Movement to Ibelin’s right caught his eye. He risked looking over his right shoulder. Like a hawk out of hell, the English King was cutting across the dusty plain at a pace so fast it was more like flying low than riding. King Richard had captured Isaac Comnenus’ stallion, reputed to be amazingly fast, but Ibelin still found it hard to believe any horse could carry a fully armored man as fast as this—or that any rider would take the risks the King of England was taking by riding at that speed across a plain broken by gullies and scrub brush.
King Richard did not slow his pace even as he sliced into the battle. He skewered two successive men with his lance, tossed it aside, and started hacking his way through the Saracen army with apparent ease. He was not alone. His Angevin, Gascon, and Poitevin knights were in his wake, although the English and Normans remained by the standard. The hole the King punched in the enemy was only the tip of the spear; his knights pried open the entire Saracen host.

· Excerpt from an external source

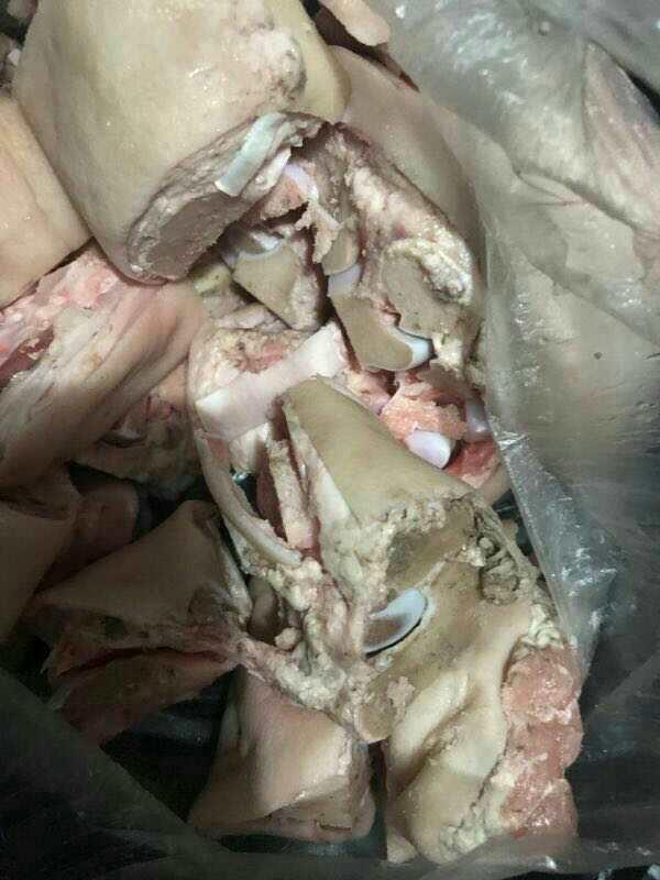 當家長們看到這家店的生產區堆放的食材中,眼前的一幕令有他們憤怒了:不少土豆發芽,排骨長霉,豬蹄則是生熟混放在一起……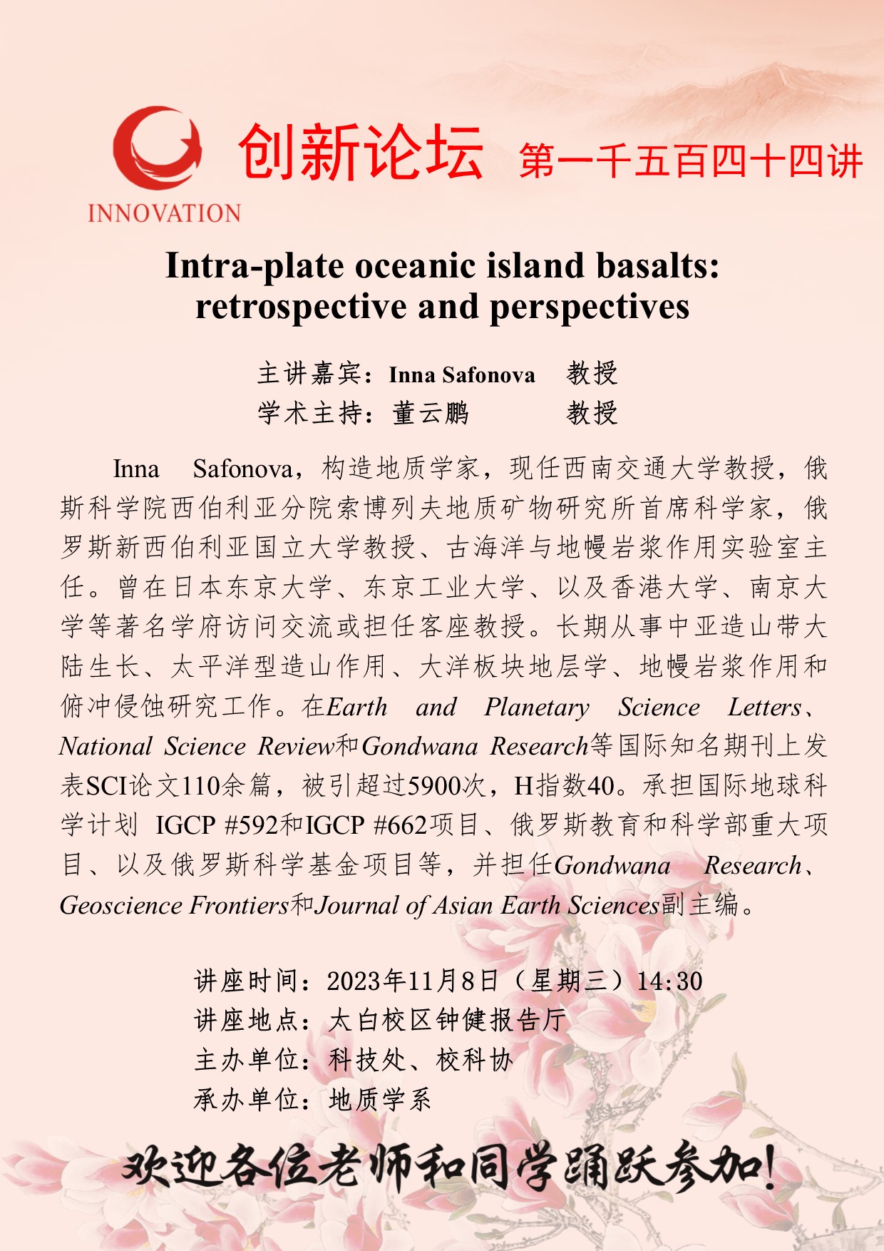 Inna Safonova 教授 8868体育登录创新论坛第一千五百四十四讲:Intra-plate oceanic island basalts: retrospective and perspectives 讲座时间 2023年11月8日(星期三)14:30 讲座地点 太白校区钟健报告厅 讲座人介绍 Inna Safonova 教授 讲座内容

Ibelin found himself fighting with the rest in what had become a massive melee. The forward thrust of the charge had gradually diminished until there was nothing but a field full of men and horses wheeling and lunging, leaping, staggering, and falling as they fought in a cloud of dust that thickened with each footfall. Ibelin’s lance was long since shattered. The bronze inscription on the blade of his sword, “Defender of Jerusalem,” was lost under a coat of blood to the hilt. Blood had splattered over his forearms and left stains upon Centurion’s trapper as more than one opponent had fallen headless against his shoulders. Under Centurion’s hooves, bones snapped and organs ruptured. There was no mercy on that field.
Gradually and intangibly, Ibelin felt the enemy start to give way. The change was not clear-cut. Some men continued fighting, unaware that their colleagues were already in flight. Some misjudged the moment to break off. Others were so lost in blood lust that they could not stop killing until they were alone and overwhelmed. Certainly no trumpets sounded the retreat. The Saracens, or their morale, were simply slowly crushed by the fury of the Frankish assault.